-
openssl (3.4.0-1) experimental; urgency=medium
* Import 3.4.0
-- Sebastian Andrzej Siewior <email address hidden> Wed, 23 Oct 2024 21:18:43 +0200
-
openssl (3.4.0~~beta1-2) experimental; urgency=medium
* Add a patch to avoid using other memory allocations if custom malloc is
provided.
* Add a patch to check length in the SPARC assembly implementation of
AES-CBC.
-- Sebastian Andrzej Siewior <email address hidden> Sun, 13 Oct 2024 22:07:10 +0200
-
openssl (3.4.0~~beta1-1) experimental; urgency=medium
* Import 3.4.0-beta1
-- Sebastian Andrzej Siewior <email address hidden> Mon, 07 Oct 2024 23:03:28 +0200
-
openssl (3.3.1-5) experimental; urgency=medium
* Split the legacy provider into its own package (Closes: #965041).

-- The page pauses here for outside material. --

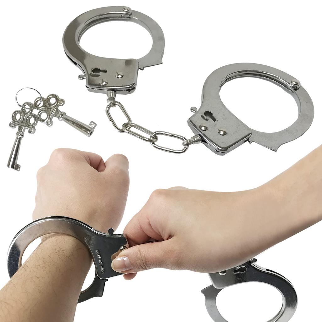 Under Realistic Toy Handcuffs with Lock and Safety Fun for Police and Banquets of You're Arrest! Handcuffs, Clasp, Silver, Adjustable, Cosplay,

* Add the FIPS provider (Closes: #1050210).
* Reintroduce the provider section back in the default openssl.cnf. This is
was to keep compatibility with the openssl 1.1 series. Adding makes it
easier to add/ enable provides such as fips.
-- Sebastian Andrzej Siewior <email address hidden> Sun, 04 Aug 2024 23:22:06 +0200
-
openssl (3.3.1-1) experimental; urgency=medium
* Import 3.3.1.
- CVE-2024-4603 (Excessive time spent checking DSA keys and parameters)
(Closes: #1071972).
- CVE-2024-4741 (Use After Free with SSL_free_buffers)
(Closes: #1072113).
-- Sebastian Andrzej Siewior <email address hidden> Tue, 04 Jun 2024 18:37:30 +0200
-
openssl (3.3.0-1) experimental; urgency=medium
* Import 3.3.0.
- CVE-2024-2511 (Unbounded memory growth with session handling in TLSv1.3)
(Closes: #1068658).
-- Sebastian Andrzej Siewior <email address hidden> Thu, 11 Apr 2024 21:49:45 +0200
-
openssl (3.3.0~beta1-1) experimental; urgency=medium
* Import 3.3.0-beta1.
-- Sebastian Andrzej Siewior <email address hidden> Fri, 05 Apr 2024 23:09:03 +0200
-
openssl (3.2.1-2) experimental; urgency=medium
* Disable brotli and enable zlib for certificate compression.
* Update to latest openssl-3.2 branch.
-- Sebastian Andrzej Siewior <email address hidden> Thu, 22 Feb 2024 21:41:18 +0100
-
openssl (3.2.1-1.1~exp1) experimental; urgency=medium
* Non-maintainer upload.
* Rename libraries for 64-bit time_t transition.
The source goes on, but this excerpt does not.